Dataset content:
►

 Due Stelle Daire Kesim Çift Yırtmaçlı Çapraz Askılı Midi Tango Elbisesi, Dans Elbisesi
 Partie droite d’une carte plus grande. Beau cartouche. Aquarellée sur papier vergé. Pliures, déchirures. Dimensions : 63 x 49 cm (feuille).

◄
►

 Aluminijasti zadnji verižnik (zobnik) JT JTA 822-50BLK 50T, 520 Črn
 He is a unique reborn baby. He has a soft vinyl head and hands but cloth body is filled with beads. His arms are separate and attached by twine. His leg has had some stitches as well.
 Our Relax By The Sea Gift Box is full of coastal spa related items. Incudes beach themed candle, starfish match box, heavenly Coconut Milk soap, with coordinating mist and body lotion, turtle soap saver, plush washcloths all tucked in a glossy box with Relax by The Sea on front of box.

◄

What needs to be done: Please give, as a single number with nothing added, the count of lines in the records that contain the word "body".

Task answer: 2